In theory, developers can define a macro in a header file:
#define INC 1 +
and proceed to use it in another file:
void foo(int a) { INC a; }
If you follow the C/C++ grammar, INC a;
looks like a declaration of a local variable with the type INC
, but after macro expansion we can see that it’s actually an addition expression. In practice, such code is hard for humans to understand without knowing the definition of INC, which is why programmers are disciplined in the way they write and use macros. For more information, see our own Yoann Padioleau’s paper on parsing C/C++ without pre-processing.

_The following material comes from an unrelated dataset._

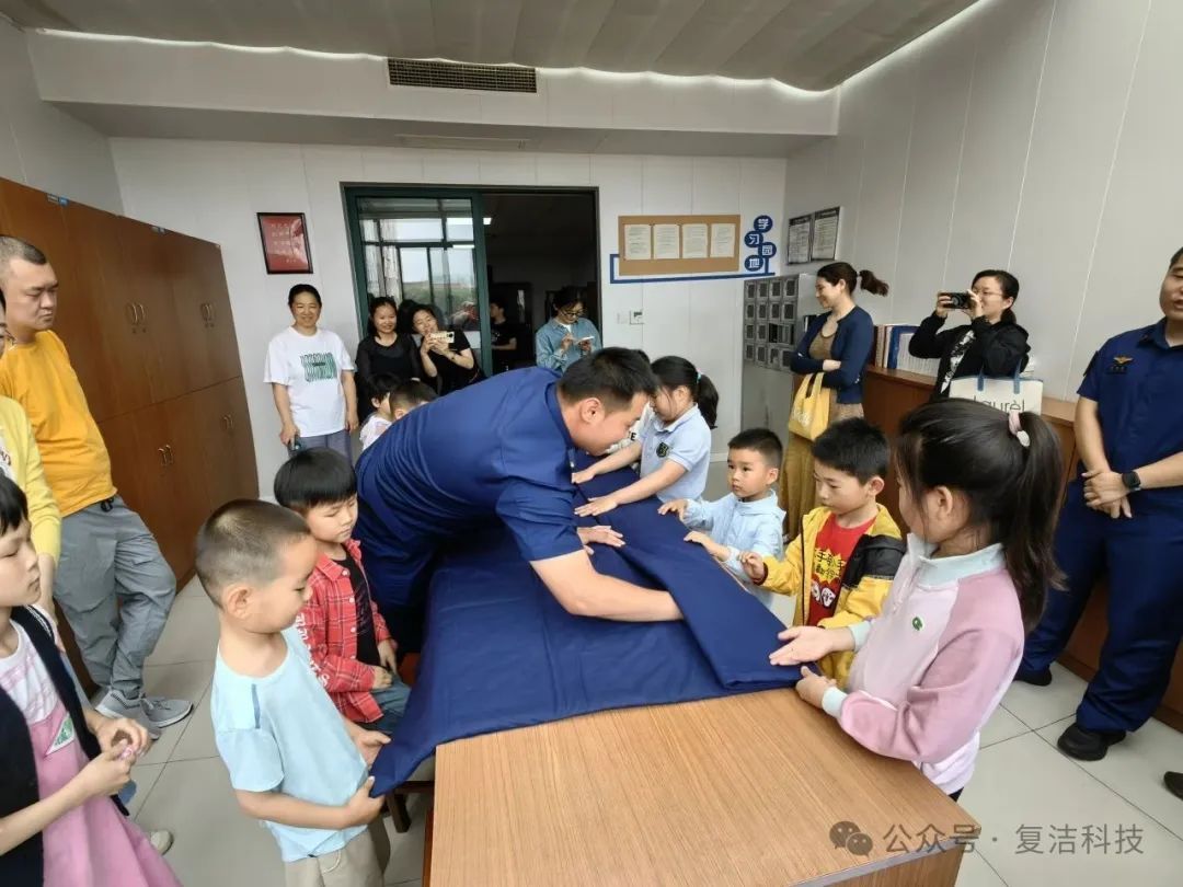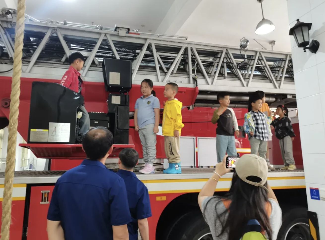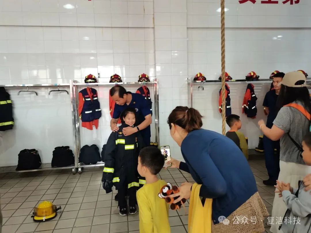 接着,小朋友们在消防员的帮助下,试穿了消防衣、试背了灭火器。厚厚的消防衣穿在身上,小朋友们瞬间变成了“小小消防员”。虽然衣服有些沉重,但小朋友们的脸上都洋溢着兴奋和自豪。

Limitations of parsing as-is
A notable drawback of the direct parsing method is the difficulty of accurately parsing code that employs complex macros or conditional compilation directives (#ifdefs
). Fortunately, tree-sitter is designed to handle parsing errors and aids us in overcoming this challenge.
Semgrep leverages tree-sitter's error recovery capabilities to maximize the amount of code it can successfully parse - for example, Semgrep will typically analyze both branches of a conditional compilation directive.
For an in-depth look into the rules and analysis techniques we used for C/C++ (specialized constant propagation, taint tracking, cross-file analysis) stay tuned as we have an engineering blog post on the horizon that will cover these topics - this is the real "secret sauce" of Semgrep's C/C++ support.
Final thoughts
Our team’s journey to fully support C/C++ in Semgrep Code has been challenging but immensely rewarding. Our approach finally gives C/C++ shops the freedom to use a modern, shift-left solution that loops developers in at the right time and reduces their reliance on legacy tooling.
While there are inherent limitations in parsing C/C++ code as-is, our utilization of tree-sitter grammars and focus on practical programming patterns have enabled us to overcome these obstacles and deliver coverage that is as comprehensive as traditional SAST 1.0 tools (and often more accurate), while scanning faster than a developer’s commit flow.
Huge thanks to Iago, Heejong, Brandon, Claudio, Pad, Phil, Romain, and Milan for all of the hard work and creativity they put into building out Semgrep Code's C/C++ coverage (and for sharing their insights and contributing to this post).